*Task statement*. All of the data, word for word and free of pictures, is the expected result.

*Exercise data*.
Content starts

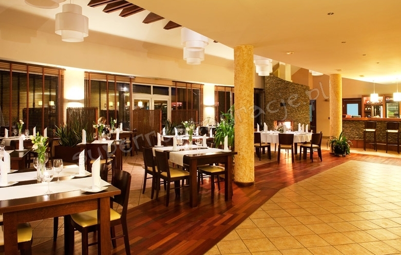 Restauracja Hotelowa posiada w swojej karcie dania mięsne, jarskie a także rybne. Bazuje przede wszystkim na świeżych produktach z regionu Warmii i Mazur. Taras z widokiem na jezioro.
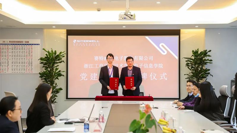 为贯彻落实党的二十大和省第十五次党代会精神,全面推进党建“四个融合”行动,探索校企地党建共同体模式,2022年11月9日下午,浙江工商职业技术学院电子信息学院党总支书记张鹏飞带队赴赛特威尔(SITERWELL)电子股份有限公司举行党建共同体签约、揭牌仪式。“双带头人”工作室负责人叶华杰、电子汽修党支部教师,赛特威尔电子股份有限公司相关领导、党建工作负责人等相关人员共同参与了本次活动。
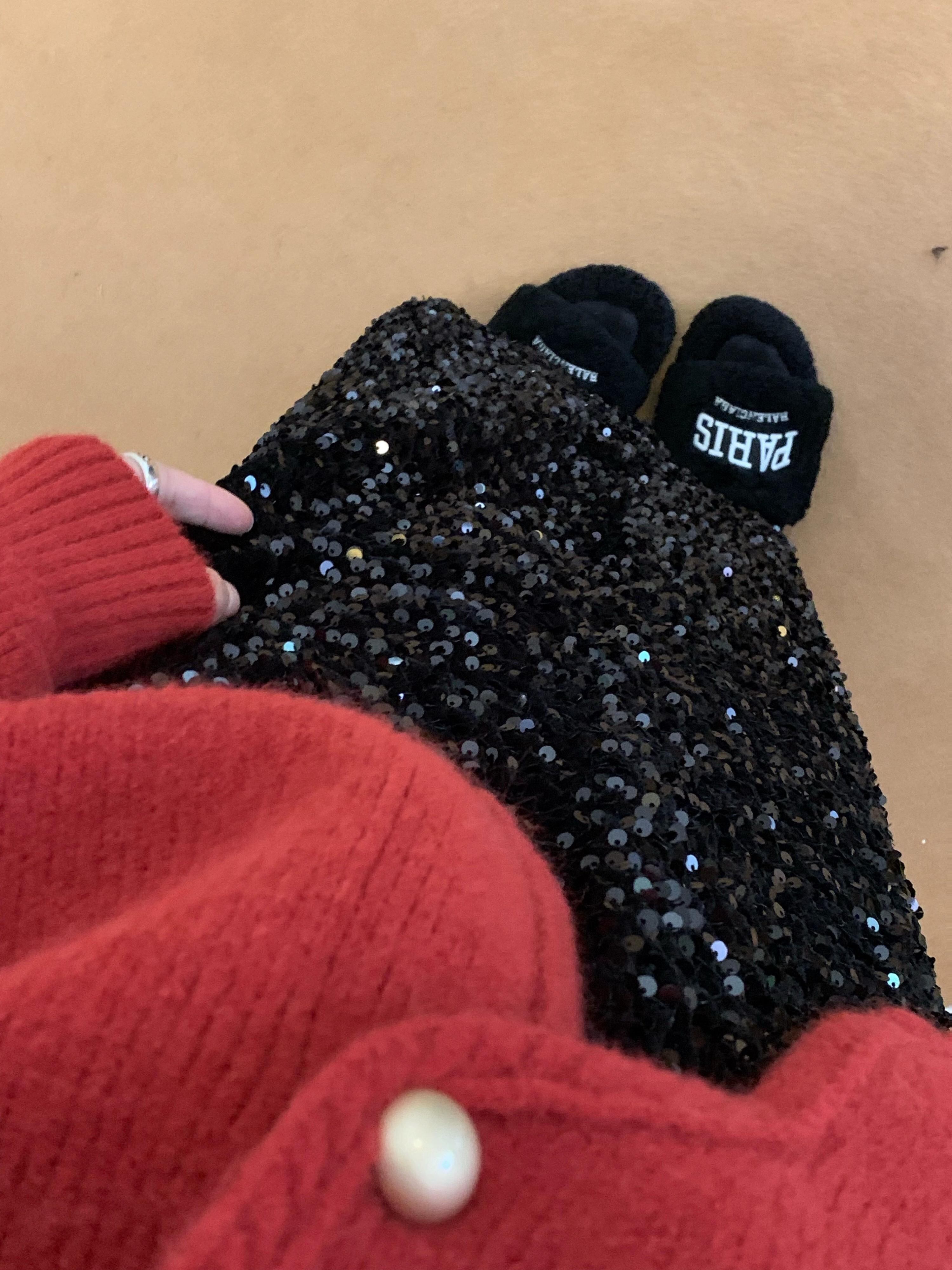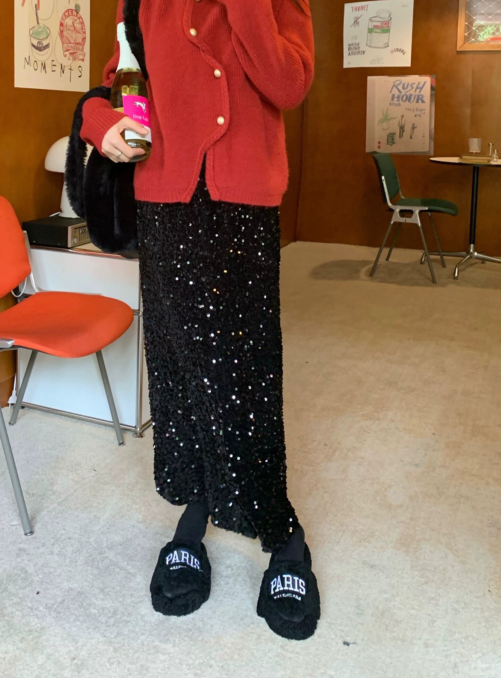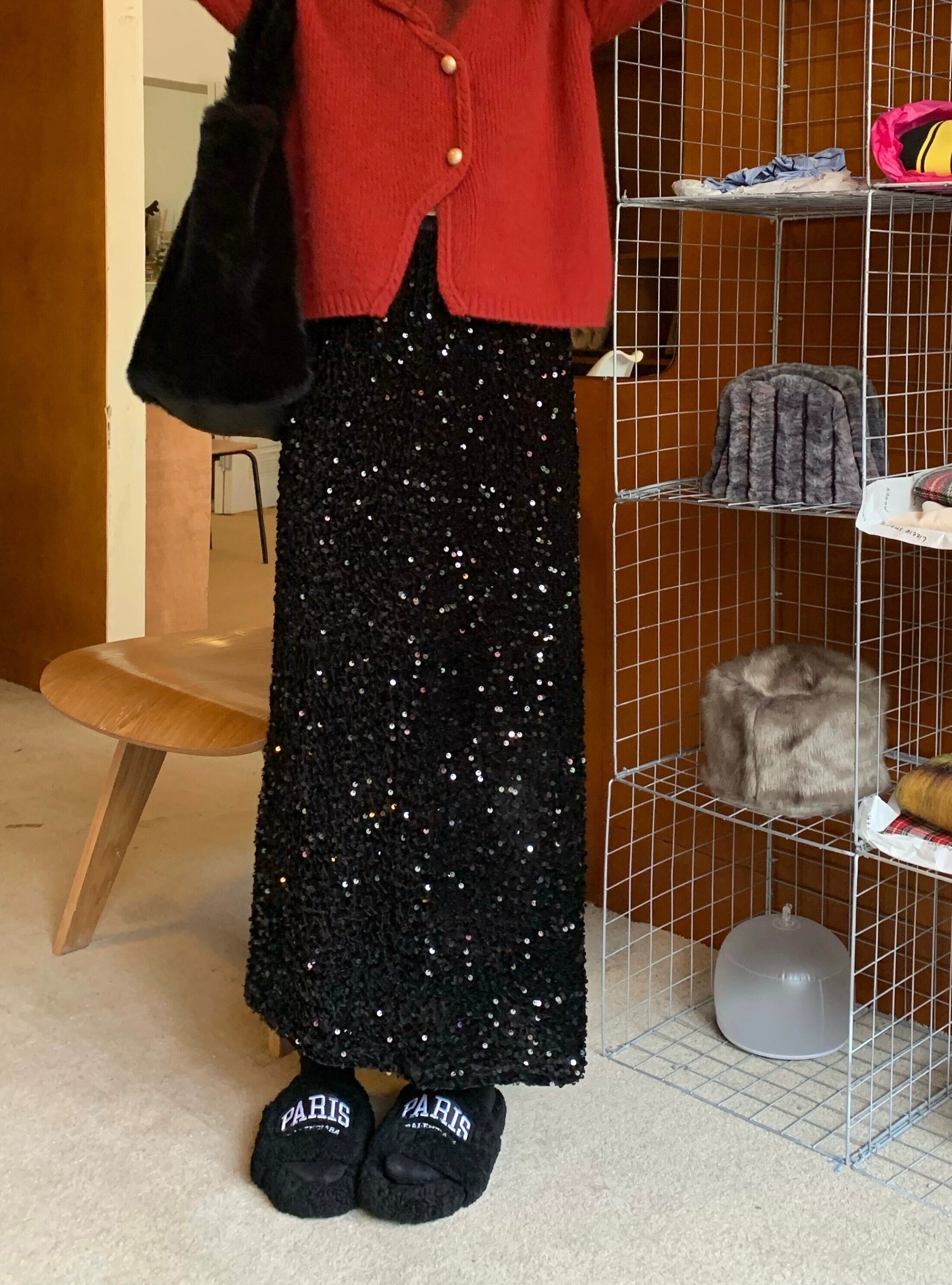 重工業スパンコールスカート女性秋と冬セーター付きワンステップスカート梨型フィギュアハイウエストミッドレングスストレートロングスカート ハイウェスト オータム 秋物 ウィンター 冬物 8571627958984069

Content ends

*Your solution*.
 Restauracja Hotelowa posiada w swojej karcie dania mięsne, jarskie a także rybne. Bazuje przede wszystkim na świeżych produktach z regionu Warmii i Mazur. Taras z widokiem na jezioro.
 为贯彻落实党的二十大和省第十五次党代会精神,全面推进党建“四个融合”行动,探索校企地党建共同体模式,2022年11月9日下午,浙江工商职业技术学院电子信息学院党总支书记张鹏飞带队赴赛特威尔(SITERWELL)电子股份有限公司举行党建共同体签约、揭牌仪式。“双带头人”工作室负责人叶华杰、电子汽修党支部教师,赛特威尔电子股份有限公司相关领导、党建工作负责人等相关人员共同参与了本次活动。
 重工業スパンコールスカート女性秋と冬セーター付きワンステップスカート梨型フィギュアハイウエストミッドレングスストレートロングスカート ハイウェスト オータム 秋物 ウィンター 冬物 8571627958984069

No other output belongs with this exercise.